Which lines below contain the word "inspirado"? Copy each of them.

» **Extracted information**:
┄┄┄┄┄┄

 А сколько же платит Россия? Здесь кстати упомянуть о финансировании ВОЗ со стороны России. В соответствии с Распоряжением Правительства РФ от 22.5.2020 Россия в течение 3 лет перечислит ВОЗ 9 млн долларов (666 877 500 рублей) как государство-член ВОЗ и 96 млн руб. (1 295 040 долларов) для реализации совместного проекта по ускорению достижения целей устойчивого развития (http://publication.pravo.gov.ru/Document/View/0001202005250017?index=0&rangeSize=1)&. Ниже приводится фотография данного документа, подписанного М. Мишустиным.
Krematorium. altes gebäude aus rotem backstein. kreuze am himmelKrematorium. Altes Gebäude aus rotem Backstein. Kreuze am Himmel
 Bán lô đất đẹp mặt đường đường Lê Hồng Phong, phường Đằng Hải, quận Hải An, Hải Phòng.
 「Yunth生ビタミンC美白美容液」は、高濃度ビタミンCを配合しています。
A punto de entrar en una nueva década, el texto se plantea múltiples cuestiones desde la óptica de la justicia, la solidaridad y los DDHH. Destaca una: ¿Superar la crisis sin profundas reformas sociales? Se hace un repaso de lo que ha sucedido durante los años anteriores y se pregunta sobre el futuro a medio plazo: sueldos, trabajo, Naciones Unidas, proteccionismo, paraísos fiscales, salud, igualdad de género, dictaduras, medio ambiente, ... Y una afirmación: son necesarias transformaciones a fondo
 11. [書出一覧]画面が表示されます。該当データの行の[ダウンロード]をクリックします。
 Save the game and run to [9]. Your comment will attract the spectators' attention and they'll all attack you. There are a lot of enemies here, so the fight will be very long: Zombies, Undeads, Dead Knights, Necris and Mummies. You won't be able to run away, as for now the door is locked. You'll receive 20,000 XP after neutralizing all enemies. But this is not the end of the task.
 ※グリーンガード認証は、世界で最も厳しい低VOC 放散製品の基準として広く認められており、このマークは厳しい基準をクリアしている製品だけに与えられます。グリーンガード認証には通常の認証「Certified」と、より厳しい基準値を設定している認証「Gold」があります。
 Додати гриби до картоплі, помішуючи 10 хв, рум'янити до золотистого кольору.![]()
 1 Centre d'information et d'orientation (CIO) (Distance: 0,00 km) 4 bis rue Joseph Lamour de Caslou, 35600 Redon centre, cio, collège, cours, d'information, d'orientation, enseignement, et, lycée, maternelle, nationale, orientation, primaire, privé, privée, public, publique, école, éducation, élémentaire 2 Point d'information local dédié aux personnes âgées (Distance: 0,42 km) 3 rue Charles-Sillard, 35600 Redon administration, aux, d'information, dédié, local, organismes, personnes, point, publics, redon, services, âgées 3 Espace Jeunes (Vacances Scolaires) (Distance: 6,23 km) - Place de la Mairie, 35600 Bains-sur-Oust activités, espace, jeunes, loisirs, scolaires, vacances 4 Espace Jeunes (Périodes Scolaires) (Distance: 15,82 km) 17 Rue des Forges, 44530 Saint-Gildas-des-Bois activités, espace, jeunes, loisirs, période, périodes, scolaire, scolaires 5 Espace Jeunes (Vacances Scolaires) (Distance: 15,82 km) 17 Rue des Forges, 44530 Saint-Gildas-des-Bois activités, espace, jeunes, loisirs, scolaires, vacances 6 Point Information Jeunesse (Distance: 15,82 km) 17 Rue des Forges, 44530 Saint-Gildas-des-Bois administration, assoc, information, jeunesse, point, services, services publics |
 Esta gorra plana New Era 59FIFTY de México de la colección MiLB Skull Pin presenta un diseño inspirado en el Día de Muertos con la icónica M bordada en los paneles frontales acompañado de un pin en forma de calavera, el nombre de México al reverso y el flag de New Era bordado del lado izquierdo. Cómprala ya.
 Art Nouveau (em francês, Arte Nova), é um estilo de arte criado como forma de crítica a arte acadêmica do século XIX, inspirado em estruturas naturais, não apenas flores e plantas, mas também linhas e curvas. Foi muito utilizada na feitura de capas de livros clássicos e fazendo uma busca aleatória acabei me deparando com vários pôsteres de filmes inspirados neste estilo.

┄┄┄┄┄┄

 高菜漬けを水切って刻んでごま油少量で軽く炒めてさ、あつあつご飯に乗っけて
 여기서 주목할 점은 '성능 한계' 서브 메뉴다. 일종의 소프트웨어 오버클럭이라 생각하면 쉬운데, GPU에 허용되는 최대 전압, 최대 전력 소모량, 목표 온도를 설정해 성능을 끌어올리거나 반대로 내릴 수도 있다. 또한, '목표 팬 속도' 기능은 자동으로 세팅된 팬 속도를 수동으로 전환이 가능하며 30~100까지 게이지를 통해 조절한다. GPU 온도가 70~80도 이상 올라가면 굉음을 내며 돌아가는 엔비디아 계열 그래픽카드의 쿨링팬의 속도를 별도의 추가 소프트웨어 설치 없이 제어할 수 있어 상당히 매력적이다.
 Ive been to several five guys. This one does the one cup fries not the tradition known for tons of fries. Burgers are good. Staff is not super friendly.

┄┄┄┄┄┄

» **Expected answer**:
 Esta gorra plana New Era 59FIFTY de México de la colección MiLB Skull Pin presenta un diseño inspirado en el Día de Muertos con la icónica M bordada en los paneles frontales acompañado de un pin en forma de calavera, el nombre de México al reverso y el flag de New Era bordado del lado izquierdo. Cómprala ya.
 Art Nouveau (em francês, Arte Nova), é um estilo de arte criado como forma de crítica a arte acadêmica do século XIX, inspirado em estruturas naturais, não apenas flores e plantas, mas também linhas e curvas. Foi muito utilizada na feitura de capas de livros clássicos e fazendo uma busca aleatória acabei me deparando com vários pôsteres de filmes inspirados neste estilo.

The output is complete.